0.01% w/v Sodium chloride Amount necessary to achieve isotonicity Water Amount to make the total volume 100% Compound of 3 examples 12 1% w/v Sodium hydrogen phosphate 0.94% w/v Sodium phosphate 0.24% w/v Sodium chloride 0.295 %w/v Water Volume taken as 100% of total volume Pharmacology Test Example Renal vascular resistance is calculated from measurements of renal blood flow and blood pressure in pentobarbitone anesthetized dogs. An adult beagle dog (10-15 kg) of either sex is given pentobarbitone sodium (30 mg/kg, intravenous).

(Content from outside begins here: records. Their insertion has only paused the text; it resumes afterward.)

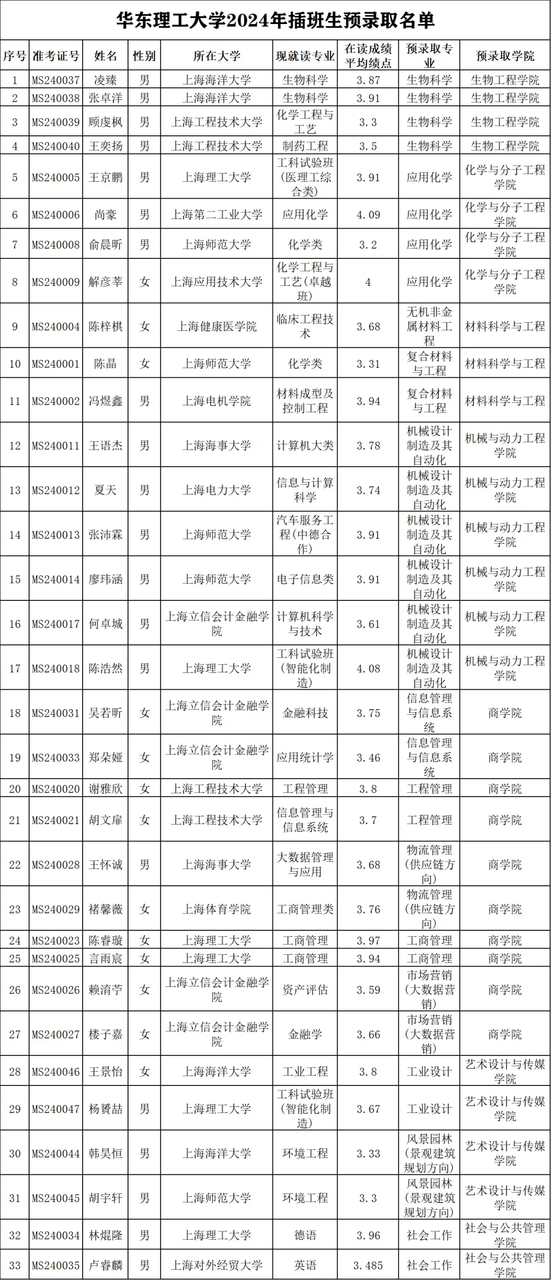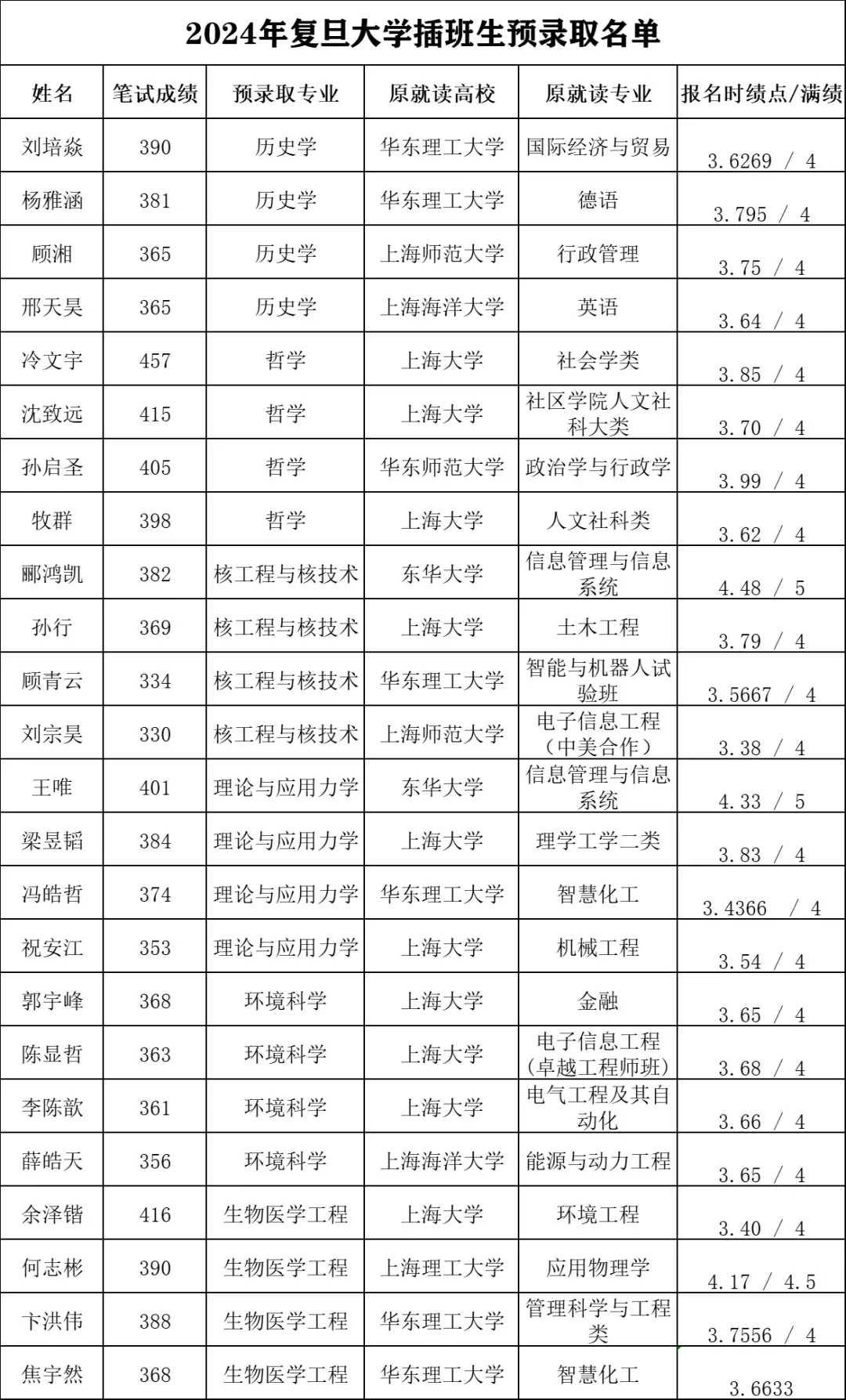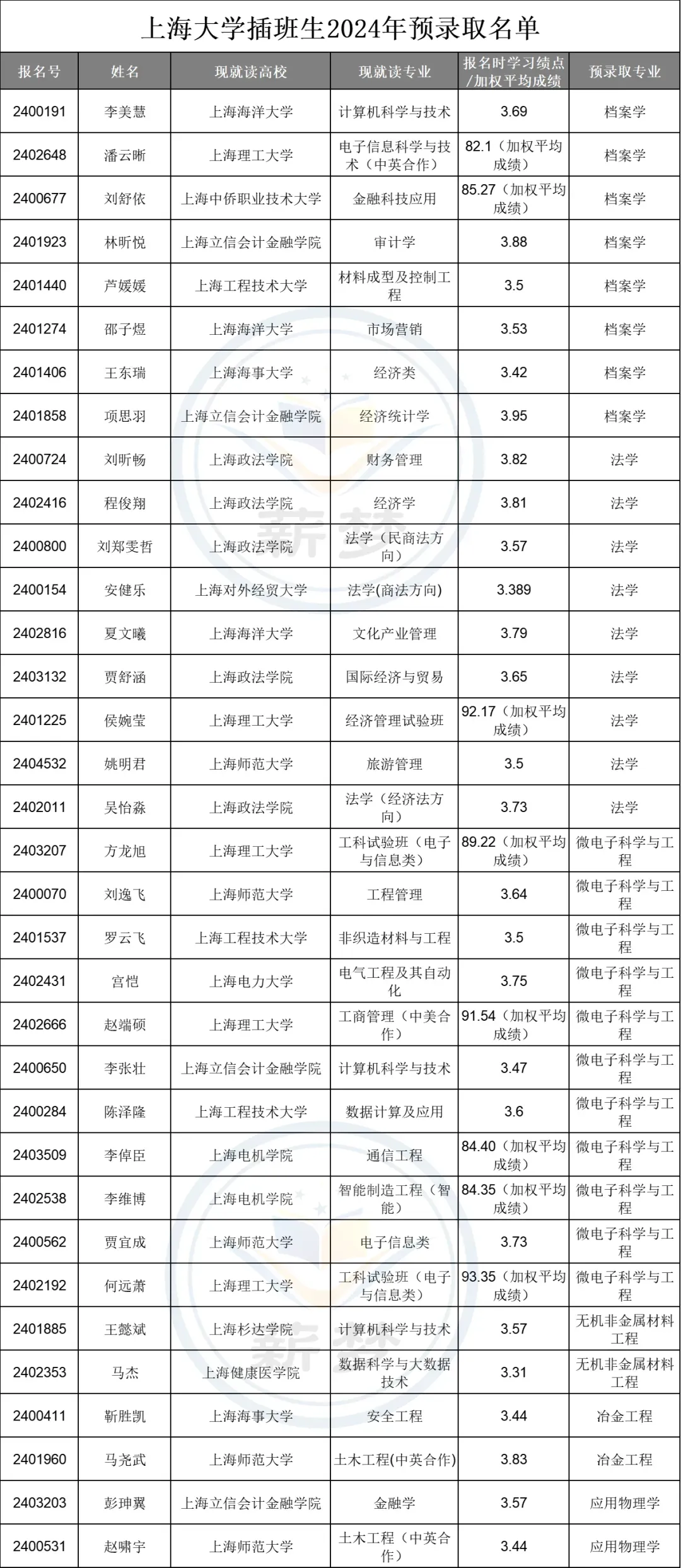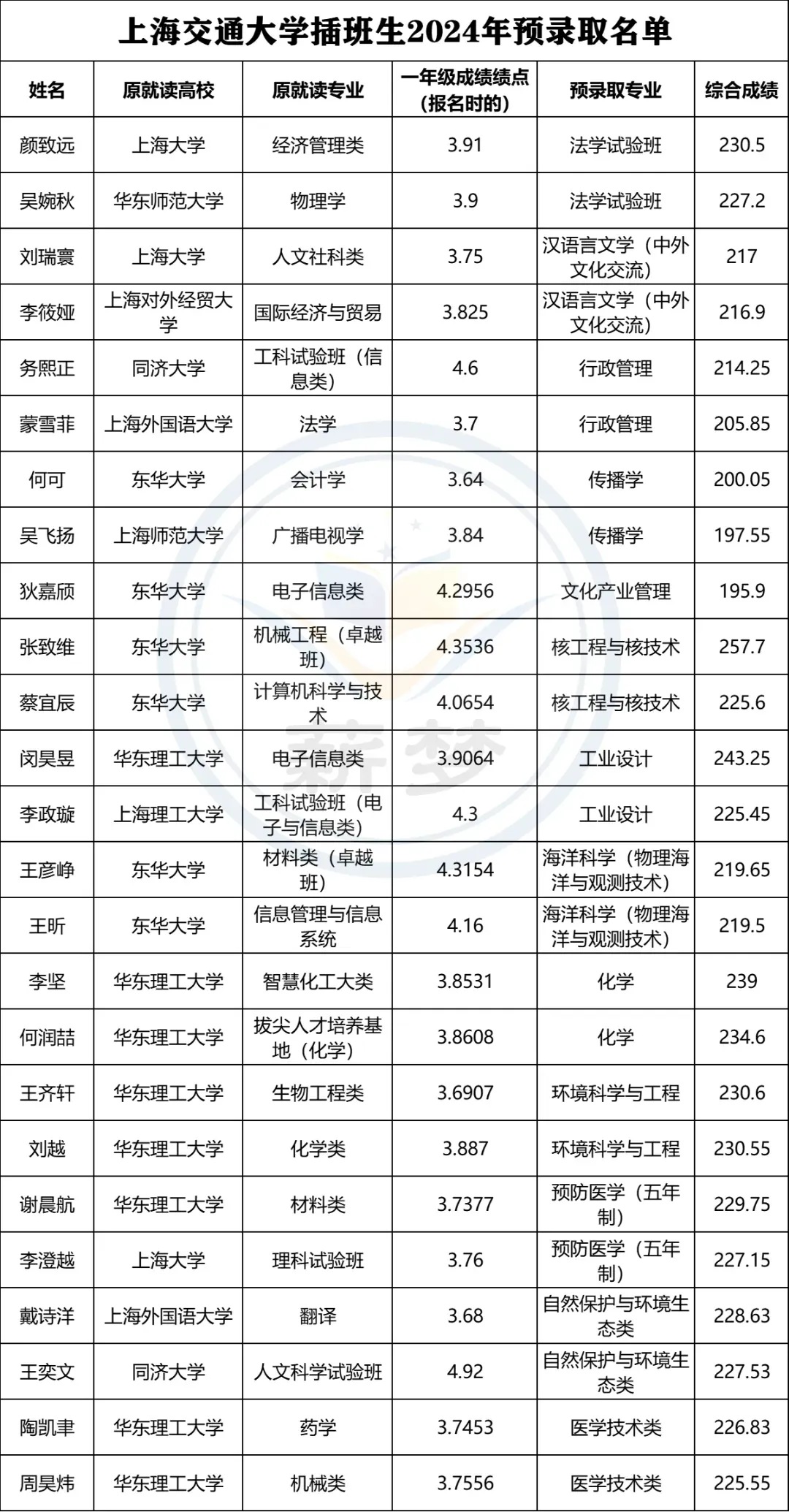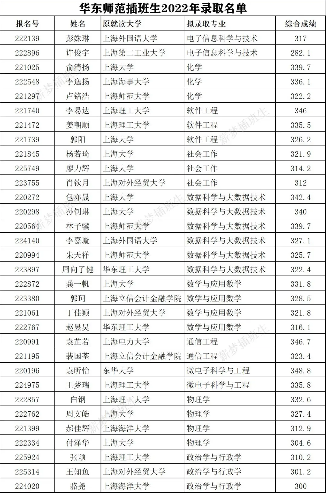 2022年上海交通大学插班生预录取名单
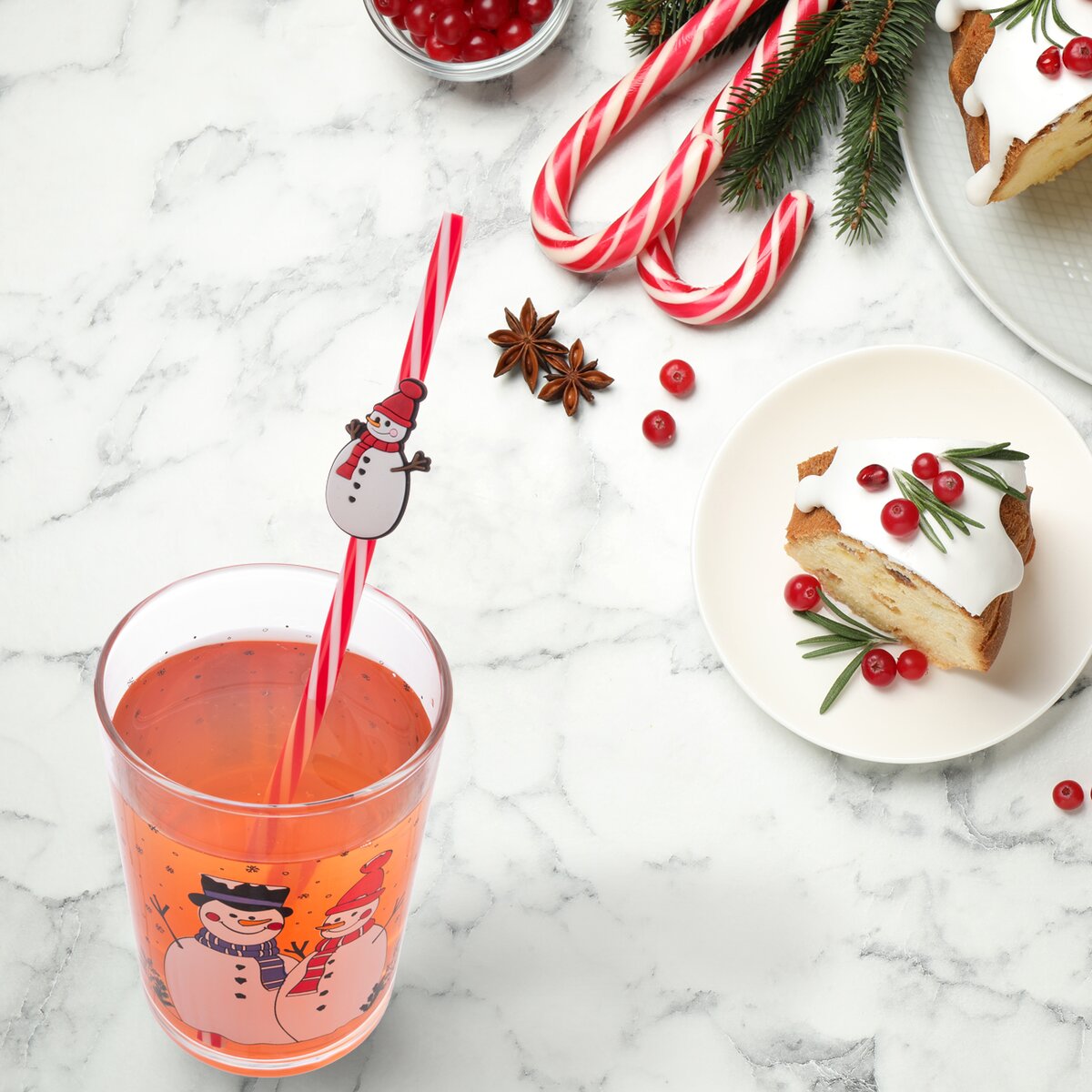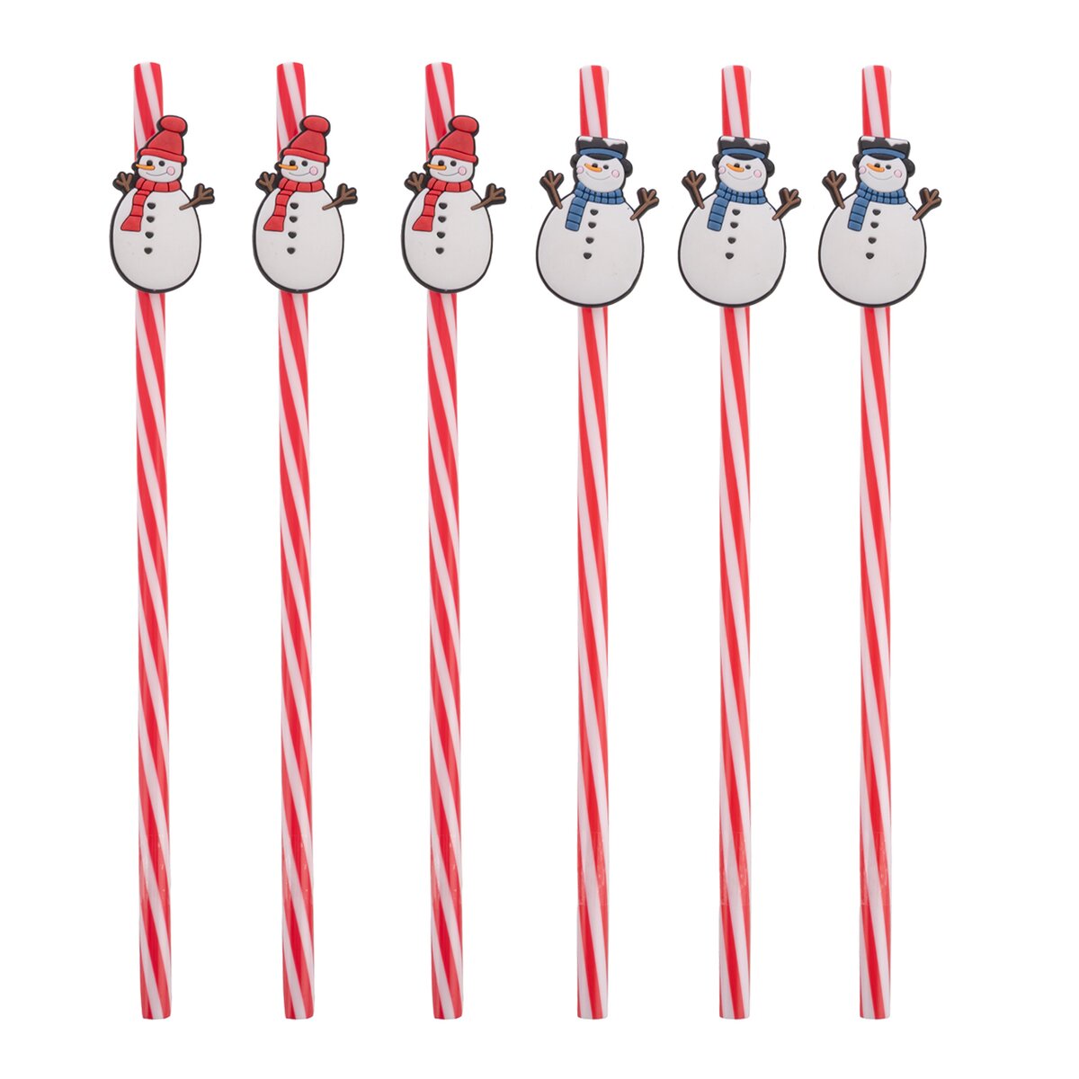Kód produktu 151453Sada 6 kusů červenobílých plastových brček o délce 23 cm, určených pro opakované použití, je doplněna roztomilými sněhuláky.
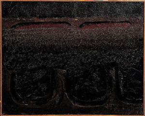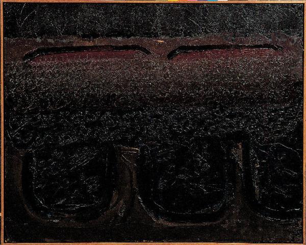 - NOTIZIE STORICO CRITICHE Tre grandi anse di colore neutro e bordate di nero si protendono, nella parte inferiore del dipinto, verso la zona mediana fittamente incisa, di un color bruno-rossiccio che si va schiarendo verso l'alto. Due strisce rosso scuro nella parte superiore, fanno da contrappunto ai segni analoghi della parte inferiore. Una banda color grigio cenere corona il bordo superiore. Segni pressoché astratti, che hanno però precisi valori denotativi e connotativi: i finestrini di carrozza ferroviaria in primissimo piano, dilatata proiezione dell'occhio dell'artista, separano lo spazio interno dal marciapiede della stazione gremito di folla. Quest'ultima, ridotta a un brulicare di graffiti, sembra sprofondare nelle orbite delle finestre e al contempo salire come marea montante, minacciando di sommergere le sagome rosso mattone delle carrozze visibili sullo sfondo. In effetti, nella parte mediana non c'è separazione tra i due spazi e la veduta può spaziare verso uno sfondo indeterminato.
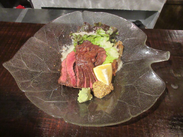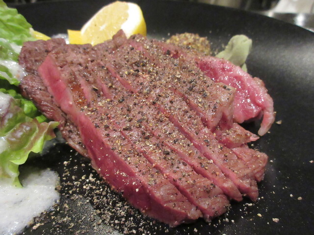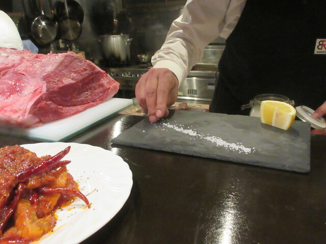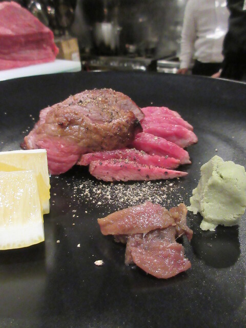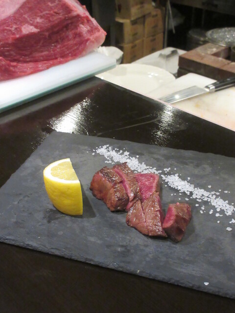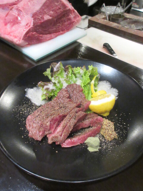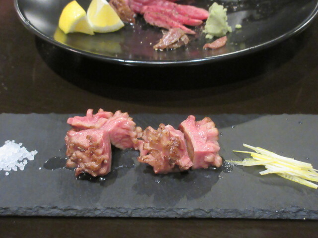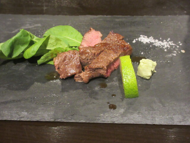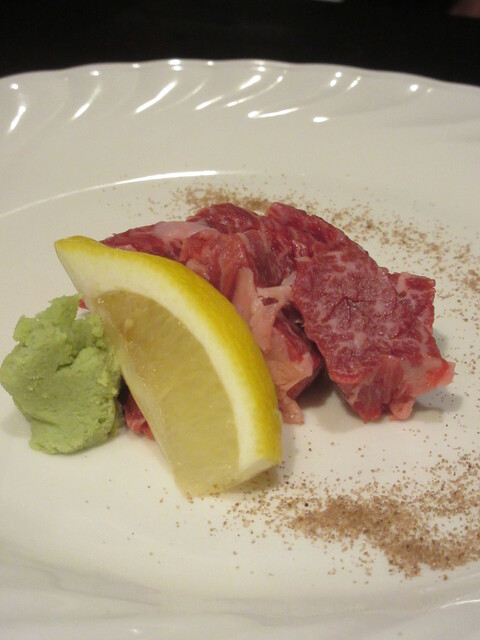 和牛頭肉、希少部位をレモンと山葵とワイン塩で
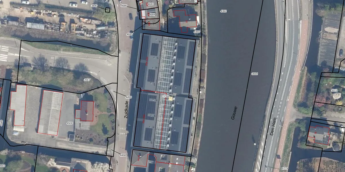 Het perceel waarop Zuidkade 20-A staat heeft een oppervlakte van 2013 m². Dit is een zeer groot perceel. De perceeloppervlakte wordt geregistreerd door het Kadaster. Gedetailleerde informatie over de maten van dit perceel kunt u vinden in het rapport Kadastrale kaart met maatvoering van Zuidkade 20-A.
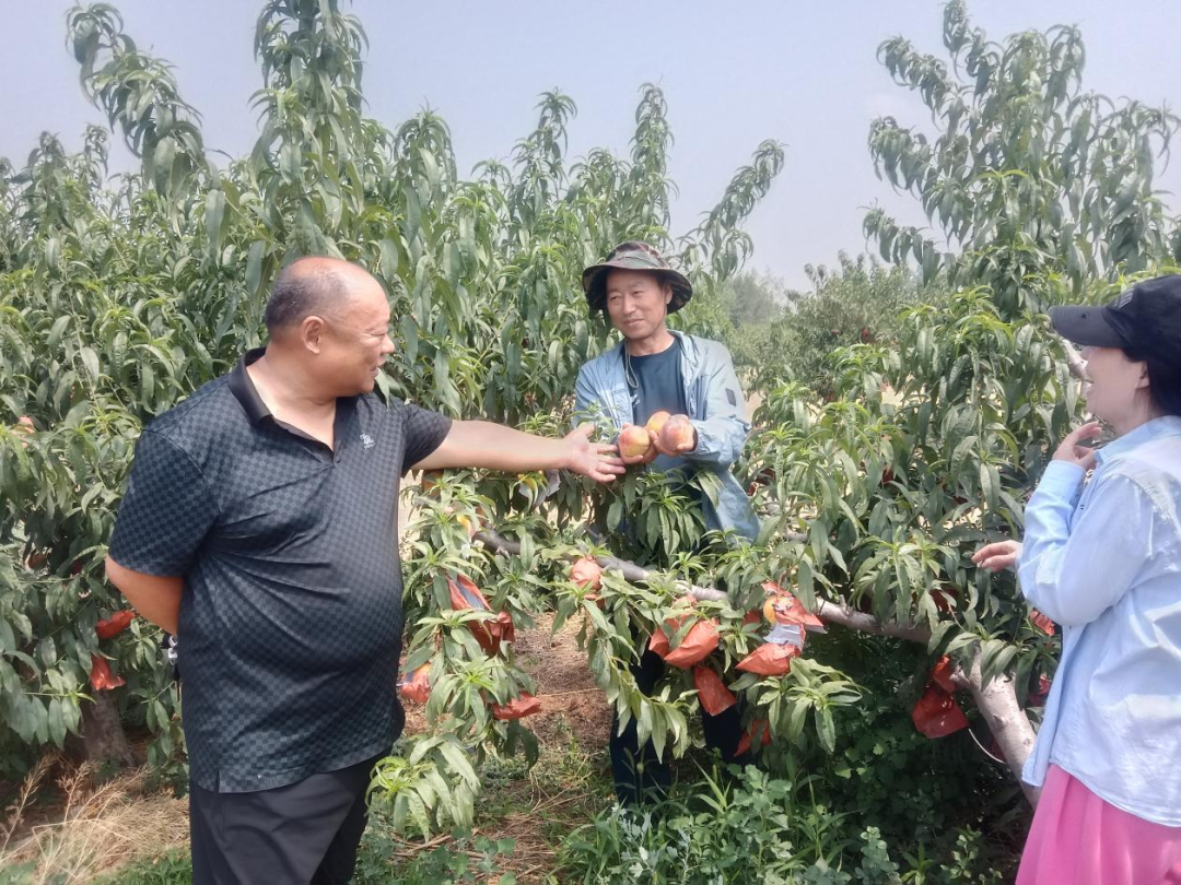 6月19日,东风村党支部书记丁道金来到黄桃种植基地,与管理员交流黄桃种植新技术和“线上+线下”联动销售渠道,以及“合作社+基地+农户”的规模化发展思路和管理经验。截至目前,东风村黄桃种植面积300余亩,每亩产量4000余斤,销售额150余万元,带动周边闲置劳动力200余人。

After the patient was anesthetized and intubated to create a pneumothorax, artificial respiration was performed using a constant-stroke volumetric pump. Measurements of canine renal blood flow (RBF) were prepared by modifying the method of McNay and Goldberg (1966) as described by Brown et al. (1983). RBF is an electromagnetic flow probe (2.5-3.00mm Narco
Recorded from the left renal artery using
Blood pressure (BP) was recorded from a pressure transducer (Gaeltec, 5F) at the tip of a catheter placed in the descending aorta via the left carotid artery. Renal vascular resistance (RVR) was recorded continuously by electronically dividing mean BP by mean RBF. Agonists and agonists were administered directly (intraarterially) into the renal artery with a constant infusion of saline (0.1 ml/min) by a ZIG needle bent at a right angle and the distal end inserted into the renal artery.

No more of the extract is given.